Definition: The Levenshtein distance (or edit distance) between two strings is the minimal number of insertions, deletions, and substitutions of one character for another that will transform one string into the other.
Definition: A global alignment of strings S1 and S2 is a way of lining up the two strings (with spaces possibly inserted into one or both strings or at the ends) so that each letter or space in S1 corresponds to a letter or space in S2 and vice-versa. Note that a space indictaes an insertion or deletion and needs to be distinguished from a blank if "blank" is a member of the alphabet.
Definition: D(i, j) = edit distance between S1[1..i] and S2[1..j]
Recurrence: D(i, 0) = i, D(0, j) = j, and D(i, j) = min[ D(i-1, j)+1, D(i, j-1)+1, D(i-1, j-1) + ( S1(i) != S2(j) ) ], where (a!=b) has the value 1 if the characters a and b don't match and 0 if they match.

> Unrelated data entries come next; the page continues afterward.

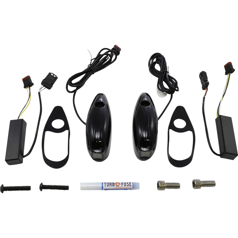 Streamline the look of your Road Glide with ProBEAM® Low Profile LED Turn Signals for Road Glide. The sleek, aluminum housings are direct plug and play replacements for the OEM front bullet turn signal housings. Providing DOT/SAE compliant White DRL Running Light and full-contrast Amber LED Turn Signals behind a smoked lens. Simple plug and play installation completely changes the look of the front fairing, offering a sleeker more custom look. Available with a , Gloss Black or . Lifetime LED Warranty.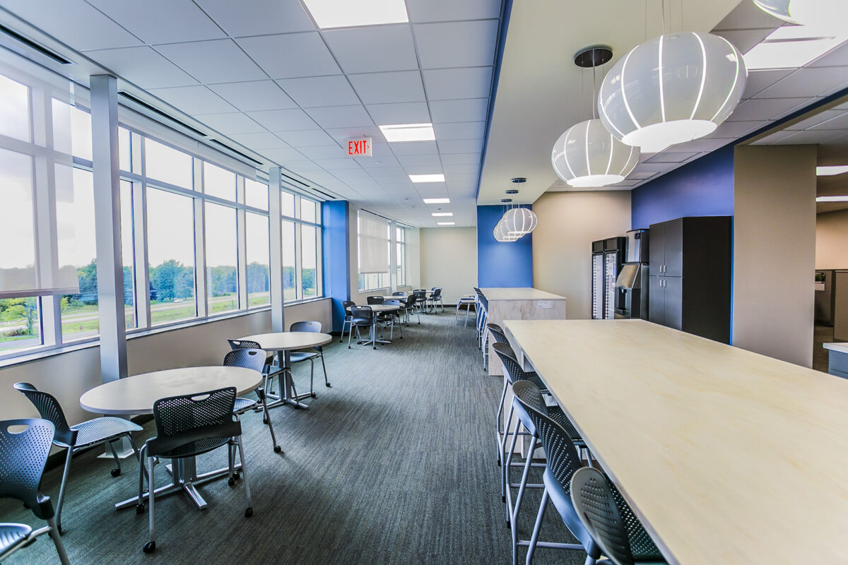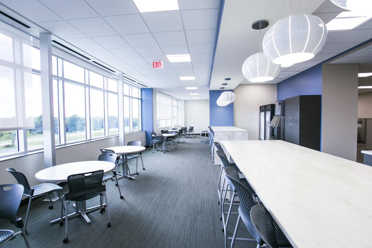 The two-story, 295,000-square-foot structure balances 150,500 square feet of research and development space with 144,500 square feet of office and support functions. An industrial aesthetic drives the design language, with expansive open areas, generous natural light through large glass installations, and exposed structural elements that honor the technical work happening inside. Every decision reinforced the same principle: the building should feel as inventive as the people who occupy it.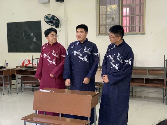 三位北方男生,身着长袍,往台上一站,字正腔圆地讲起了相声。他们表演的节目是《借口罩》。他们自己编写剧本,自导自演,相声韵味极佳,让人拍手叫绝。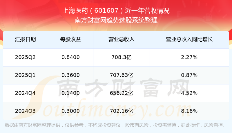上海医药股票近一年营收情况如下表: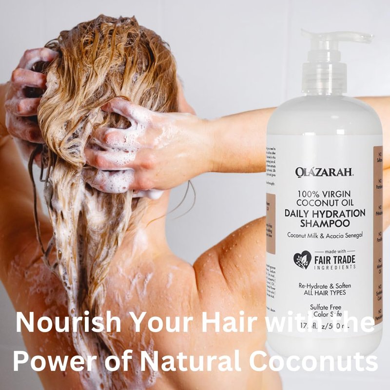 The combination of our daily hydration shampoo and coconut oil conditioner will take away impurities, soften, and rehydrate hair to be the best with gentle, nourishing, sulfate free shampoo. Suitable for all hair types and textures, this moisturizing shampoo strengthens and hydrates hair, leaving it looking glowing, healthy and beautiful OlaZarah Daily Hydration Shampoo can be used daily to cleanse and restore parched hair. It is blended and infused with coconut oil, coconut milk, and Acacia Senegal, helps provide renewed hydration, add luster, manageability, shines, moisture, and softness to hair for smooth and healthy-looking hair.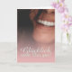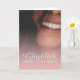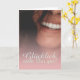 Kompliment Karte mit lachendem Frauengesicht und handschriftlichen Grüßen auf der Vorderseite der Karte. Restliche Flächen stehen zur freien Verfügung.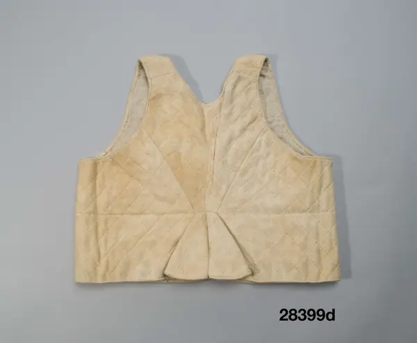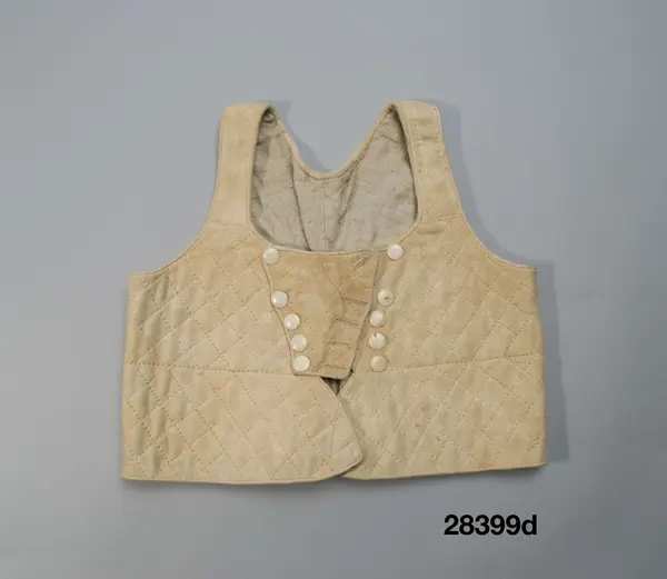 d. "Livstycke av sämskat skinn med stickningar över hela livet. " Längd 40 cm, skört 10;5 cm. Ljust sämskskinn med rutstickning, en rak stickrad markerar den höga midjelinjen. 2 framstycken/sidstycken med utsvängda framkanter och 2 smala ryggstycken avslutade i ett skört med hög ryggskärning. Skörtvecket hoplagt och fäst med några stygn. Axelband med endast längsgående stickning. Rutstickad tekantig bröstlapp fastsydd på höger framstycke med knäppning mot vänster med tränsade knapphål och 5 runda platta benknappar, motsvarande knapprad även på den fastsydda sidan. Innanför bröstlappen knäppning med 4 hakar och hyskor av mässing. Foder av ljus linnekypert.

Operation-weight edit distance: an insertion or deletion costs d, a mismatch (substitution) costs r, and a match costs e. Edit transcripts with minimal operation weight can be found via the following recurrence:
D(i, 0) = d*i, D(0, j) = d*j, D(i, j) = min[ D(i-1, j)+d, D(i, j-1)+d, D(i-1, j-1) + ( S1(i) != S2(j) )*(r-e) + e ]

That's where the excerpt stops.